听到此处,姜云舒突然福至心灵:“师叔祖是说,如今这番变动乃是因为有人强行提升灵脉?”
丹崖叹道:“正是。”
他慢慢摩挲着桌案边缘,乌黑的木质在他手下散出温润的薄光:“我有此疑,便请薛瑶道友带雁行几人去探查过,果然不出所料。而更令人忧心的是,许多被提升于地表的灵脉已经干涸枯竭,像是被人攫取殆尽!”

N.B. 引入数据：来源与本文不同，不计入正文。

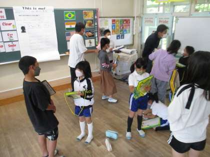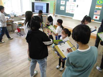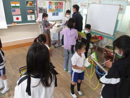 2年生と6年生のEタイムの様子です。6年生が優しく2年生に接してくれるので、2年生はとても楽しく取り組むことができ、自然に英語を使う姿が見られました。
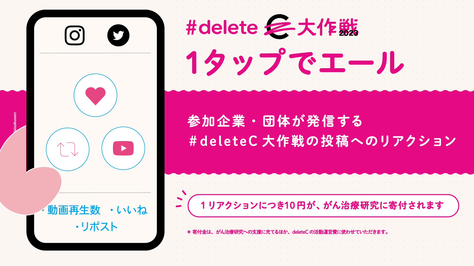 当社の「#deleteC大作戦」への参加は今年で3回目となります。プロジェクトへの参加を通じて、がんを治せる病気にする日を1日も早く手繰り寄せ、多くの方のポジティブな未来と笑顔を増やすことに貢献いたします。
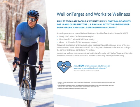 ADULTS TODAY ARE FACING A WELLNESS CRISIS. ONLY 24% OF ADULTS AGE 18 AND OLDER MEET THE U.S. PHYSICAL ACTIVITY GUIDELINES FOR BOTH AEROBIC AND MUSCLE-STRENGTHENING ACTIVITY.1 According to the most recent National Health and Nutrition Examination Survey (NHANES):%u2022 Nearly 1 in 3 adults (30.7%) are overweight.2%u2022 More than 2 in 5 adults (42.4%) have obesity.2%u2022 About 1 in 11 adults (9.2%) have severe obesity.2Regular physical activity and improved eating habits can favorably influence seven of the ten most common chronic diseases in the U.S., including heart disease and diabetes, according to the Centers for Disease Control and Prevention.4Incorporate wellness into your employee health benefits today with Well onTarget and Worksite Wellness to help reduce medical spend, increase productivity and improve well-being.Well onTarget and Worksite WellnessAbout 50% of all American adults have at least one preventable chronic disease.** Department of Health and Human Services, 20201. Physical Activity Among Adults Ages 18 and Older: United States, 2020, National Health Interview Survey, data table for figure 12. Prevalence of overweight, obesity, and severe obesity among adults aged 20 and over: United States, 1960%u20131962 through 2017%u20132018. Centers for Disease Control and Prevention. February 8, 2021. 3. Centers for Disease Control and Prevention, January 2023

不用细说姜云舒也知道是谁,她低低道:“邪神。他要借此灵元复生!”
丹崖道:“我已派人截断白栾州西侧数道灵脉,可惜为时已晚,眼下虽然看似灵元浓郁,但不过是回光返照罢了,若我所料不差,最多再有五年,正道这些因灵元变动而一跃进阶的孩子们,只怕就会境界动摇,元基崩碎,届时后果不堪设想。”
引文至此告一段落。